The phosphorus cycle is the movement of phosphorus (usually as phosphate, PO4^3−) through rock, soil, water, and living things. Major reservoirs are phosphate-bearing rocks and sediments—there’s essentially no gaseous/atmospheric phase. Weathering of apatite and other phosphate rocks releases phosphate into soils and freshwater. Plants (often with mycorrhizal fungi help) absorb phosphates through roots and build them into DNA, RNA, ATP and bones; consumers get P by eating plants. Phosphorus returns to soil/water via excretion and decomposition. In aquatic systems, dissolved phosphates can settle as sediments and eventually form new rock (sedimentation and burial). Human actions—mining phosphate rock for fertilizers and runoff from fields—increase phosphate in waterways, causing eutrophication and algal blooms. For AP exam focus: know reservoirs, lack of an atmospheric pool, biological uptake, sedimentation, and human impacts (fertilizers → runoff → algal blooms). For a concise review, check the Topic 1.6 study guide (https://library.fiveable.me/ap-environmental-science/unit-1/phosphorus-cycle/study-guide/JujZhatUDATN9fbpaIv9); see Unit 1 overview (https://library.fiveable.me/ap-environmental-science/unit-1) and practice questions (https://library.fiveable.me/practice/ap-environmental-science).

Short answer: phosphorus doesn’t have an atmospheric component because it mainly exists as solid phosphate in rocks and sediments, not as a common gaseous form that can move through the air. Weathering of phosphate-bearing minerals (like apatite) releases phosphate (PO4^3−) into soils and water, and that phosphate moves by root uptake, consumption, excretion, decomposition, runoff, adsorption to soils, and eventual sedimentation and burial—not by gas exchange (CED EK ERT-1.F.2–1.F.4, 1.F.3).
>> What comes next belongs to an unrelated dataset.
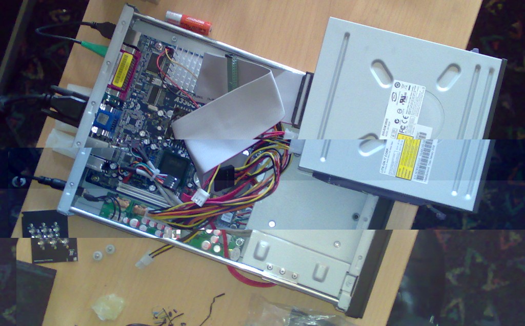 Aber nun noch ein paar Bilder. Hier der Rechner mit noch provisorisch angeschlossenem 5,25" Laufwerk, damit ich erst einmal XP installieren konnte.

Because P is tied to rocks/sediments, its availability is often limiting for plants and algae; excess from fertilizers or guano causes runoff and eutrophication. This is exactly what the AP framework expects you to explain for the phosphorus cycle. For a clear AP-aligned review, check the Topic 1.6 study guide (https://library.fiveable.me/ap-environmental-science/unit-1/phosphorus-cycle/study-guide/JujZhatUDATN9fbpaIv9) and do practice problems at (https://library.fiveable.me/practice/ap-environmental-science).
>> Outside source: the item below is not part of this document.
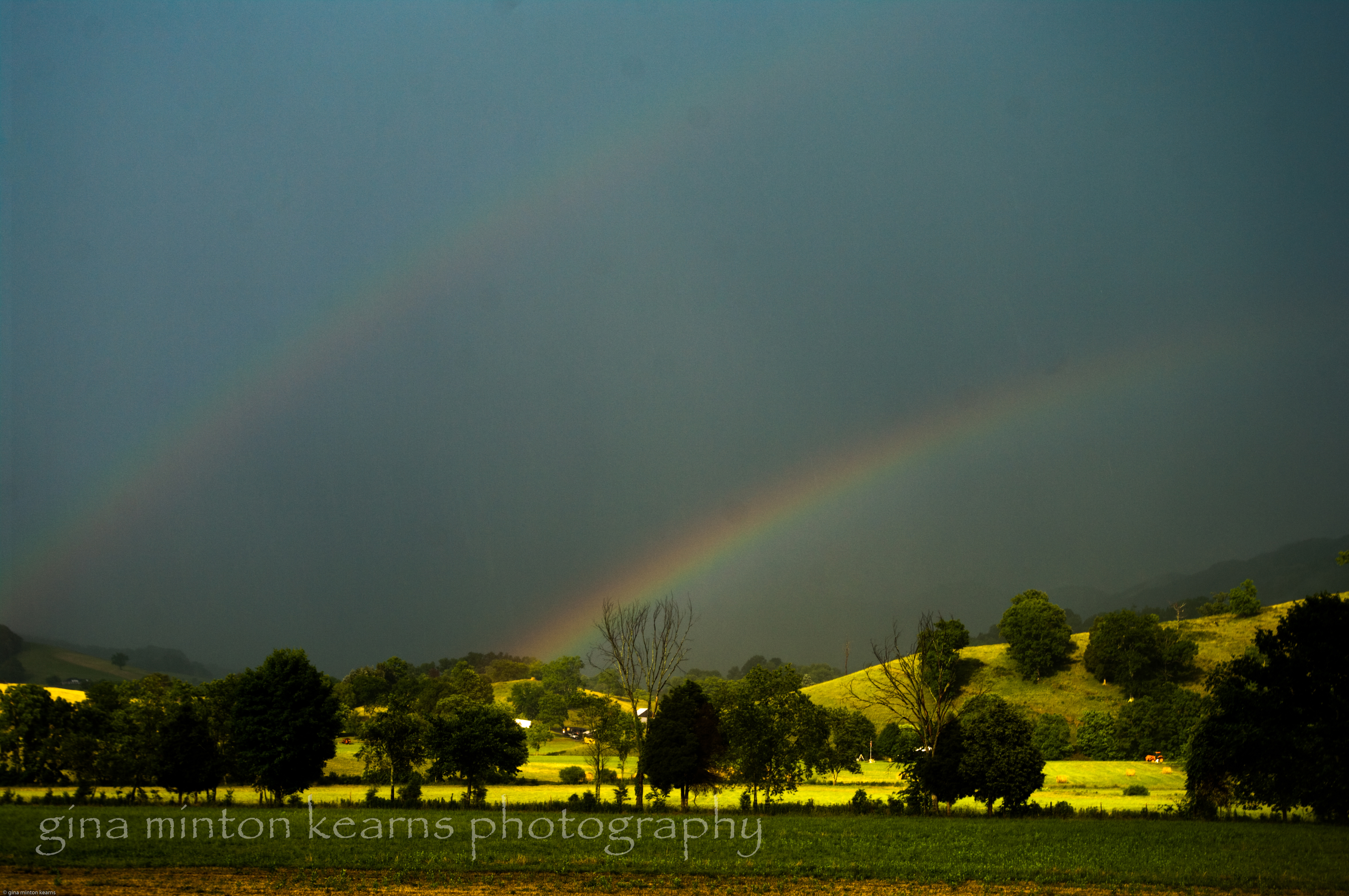 So immersed was I in the photographs, that I didn’t realize the weather had changed, the sun had hidden and it was coming an all-out storm… not, at least, until the power went off. The sky was dark, the lightening slashed straight and deadly from the sky and the rain pounded, also straight, diving into the dry dirt. As I watched it, noting the time, I changed to my wide angle lens, hoping that the sun would come out in time to make a rainbow. As I watched, the first rays began to shine through. I grabbed my Pentax, slid on my shoes and ran out into the rain. It was pouring and after only a couple of minutes, I was soaked, but I had to see. Then, there, before my eyes, the brilliant arcs of color began to form. I could tell already that, on foot, I would never make it to where I needed to be to get the entire arc. Turning, I ran through the rain, my camera around my neck, back to the house to get my car keys. Dripping wet and not caring less, I traipsed through the house to get the keys then barreled down the driveway to the place I had in mind, jumped out and started shooting. This day, I was blessed with many things. An entire day to myself, a phone call from my daughter, a trip through my mind back to Bays Mountain with my niece, a fine example of a summer thunderstorm, piercing lightening and, mayhaps most magnificent of all, a double rainbow. I always hope for blessings, but never cease to be amazed when I’m given one.

Short answer: the biggest phosphorus reservoirs are rocks and sediments—especially phosphate-bearing minerals like apatite and phosphate rock. Weathering of those rocks slowly releases phosphate into soils and freshwater. Other important sinks: soils (phosphate adsorbed to soil particles), aquatic sediments (phosphate can settle and become buried), and biological reservoirs (plants, algae, and consumers that incorporate phosphate into DNA/RNA/ATP). There’s also concentrated guano deposits and human-made reservoirs like agricultural phosphate fertilizers. Note: unlike C, N, or S, phosphorus has essentially no significant atmospheric reservoir (EK ERT-1.F.2–EKT-1.F.3), so availability is often limiting and drives productivity and eutrophication via runoff. For a quick AP-aligned recap and keywords (phosphate rock, weathering, leaching, sedimentation, eutrophication), see the Topic 1.6 study guide (https://library.fiveable.me/ap-environmental-science/unit-1/phosphorus-cycle/study-guide/JujZhatUDATN9fbpaIv9). For broader unit review and practice Qs, check Unit 1 (https://library.fiveable.me/ap-environmental-science/unit-1) and APES practice problems (https://library.fiveable.me/practice/ap-environmental-science).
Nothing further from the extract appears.